Model selection uses the Bayesian information criterion (BIC):
\begin{equation}
\text{BIC} = n \ln\!\left(\frac{\text{RSS}}{n}\right) + k \ln(n),
\label{eq:bic}
\end{equation}
with $k_A = 1$, $k_B = 4$, and the Bayes factor approximated as
\begin{equation}
\text{BF}_{BA} \approx \exp\!\left(\frac{\Delta\text{BIC}}{2}\right),
\quad \Delta\text{BIC} = \text{BIC}_A - \text{BIC}_B.
\label{eq:bf}
\end{equation}
Parameters are estimated by nonlinear least squares with a grid search over
$(P, \varphi)$ to avoid local minima.
%%%% ═══════════════════════════════════════════════════════════════════════════
\section{Results}
\label{sec:results}
\subsection{Raw Pairwise Correlations Between CR, Seismic, and Sunspot Data}
\label{sec:res:rawcorr}
Before applying any detrending, we characterise the raw statistical relationships
between all three observable time series across the three analysis windows.
This serves as the pre-detrending baseline that motivates the Hodrick--Prescott
filter analysis described in Section~\ref{sec:res:detrend}.
\subsubsection{CR index: station distribution}
The global CR index is not collapsed to a single mean.
Instead, for each 5-day bin $t$ we compute the distribution of normalised
count-rate values across all $n_t \geq 3$ contributing stations,
yielding five order statistics:
$\hat{x}_{t}^{(q)} = q\text{-th percentile}$ for $q \in \{5, 25, 50, 75, 95\}$,
together with the inter-station minimum and maximum.
All stations are normalised by their individual long-run mean before the
cross-station percentile is taken, so the station-median series has a grand
mean near unity.
The scatter panels in Figures~\ref{fig:rawinsample}--\ref{fig:rawcombined}
use $\hat{x}_{t}^{(50)}$ as the central CR value (horizontal axis) and display
the $[\hat{x}_{t}^{(5)}, \hat{x}_{t}^{(95)}]$ inter-station spread as
horizontal error bars, with the $[\hat{x}_{t}^{\min}, \hat{x}_{t}^{\max}]$
range overlaid in a lighter shade.
\subsubsection{Seismic energy metric}
The seismic activity per bin is measured by the total released seismic energy,
computed as the sum of the individual earthquake energies:
\begin{equation}
E_t = \sum_{i \in \mathcal{B}_t} 10^{1.5\, M_{W,i}},
\label{eq:energy}
\end{equation}
where $\mathcal{B}_t$ is the set of $M_W \geq 4.5$ events falling in bin $t$.

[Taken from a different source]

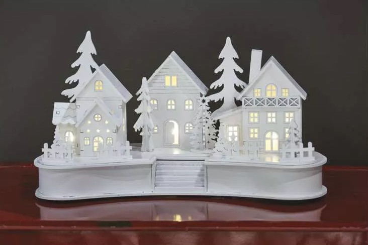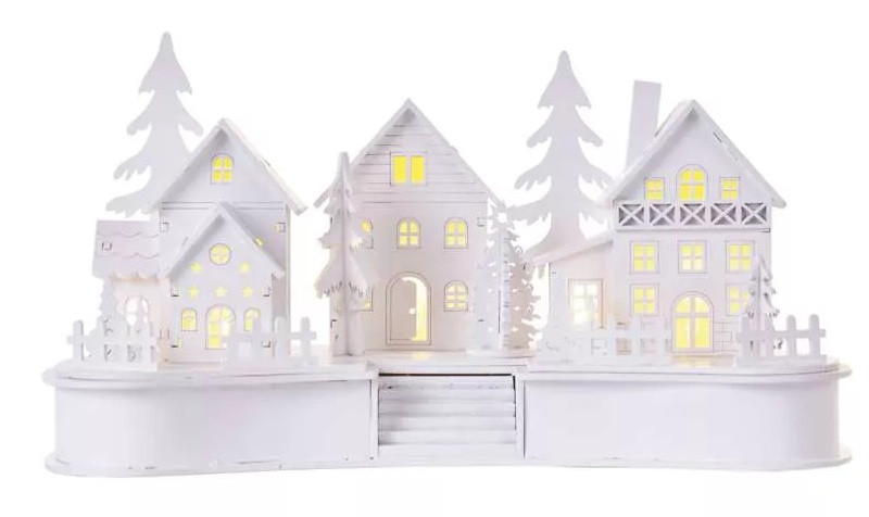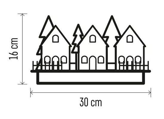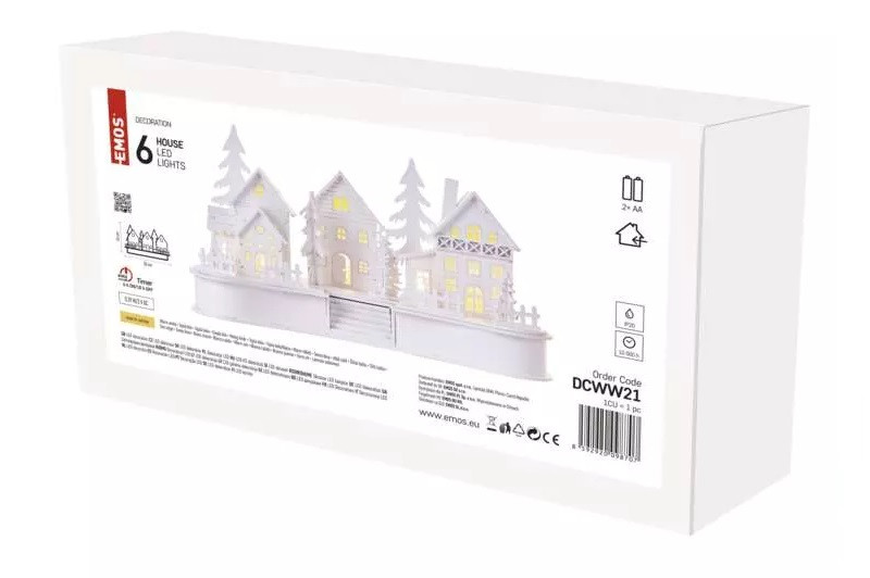 - Dekorácia drevená biela 6 LED – Dedinka, 16 cm, 2x AA, vnútorná, teplá biela, časovač (DCWW21)

Working with $\log_{10} E_t$ removes the extreme skewness of $E_t$ and is
physically preferable to summing $M_W$ directly, which is dimensionally
inconsistent because magnitude is already a logarithmic quantity.
The $\log_{10} E_t$ axis in the scatter panels spans roughly three orders of
magnitude, reflecting the heavy-tailed Gutenberg--Richter distribution of
earthquake sizes.
\subsubsection{Sunspot number}
Daily sunspot numbers from SILSO are smoothed with a 365-day rolling mean to
suppress intra-year variability and isolate the solar-cycle envelope.
Each 5-day bin carries both the smoothed value (scatter-plot axis) and the
daily min--max spread within that bin (shown as additional horizontal error
bars on the sunspot axis in Figure~\ref{fig:rawinsample}--\ref{fig:rawcombined},
panel 3).
\subsubsection{Correlation results}
We compute both Pearson $r$ (linear; Fisher $z$-transform 95\% CI) and
Spearman $\rho$ (rank-based; appropriate for the heavy-tailed marginal
distributions of $E_t$ and CR flux).
Bonferroni correction for $3\ \text{pairs} \times 3\ \text{windows} = 9$
tests is applied; star levels refer to the corrected $p$-values.
Full results are given in Table~\ref{tab:rawcorr}.
\paragraph{CR vs.\ seismicity.}
The raw Pearson correlation between the station-median CR index and
$\log_{10} E_t$ is $r = 0.057$ in the in-sample window ($N = 3214$ bins,
$p_\text{Bonf} = 0.011$, $\rho = 0.071$, $p_\text{Bonf} < 10^{-3}$) and
$r = 0.046$ in the OOS window ($N = 390$, $p_\text{Bonf} = 1.0$).
The correlation is thus only marginally significant after correction and
disappears entirely in the independent OOS window.
Using the station-95th-percentile CR series in place of the median
amplifies the correlation slightly ($r = 0.069$ in-sample), suggesting that
high-flux excursions drive the signal.
\paragraph{CR vs.\ sunspot number.}
The dominant raw relationship in the dataset is a strong anti-correlation
between the CR index and the smoothed sunspot number: $r = -0.820$
($\rho = -0.854$) in-sample, and $r = -0.939$ ($\rho = -0.951$) in the OOS
window.
This is the well-established \emph{Forbush decrease} mechanism: a higher
heliospheric magnetic flux during solar maximum deflects more galactic cosmic
rays before they reach the Earth's atmosphere
\citep{Potgieter2013}, so CR flux and solar activity are naturally anti-phase.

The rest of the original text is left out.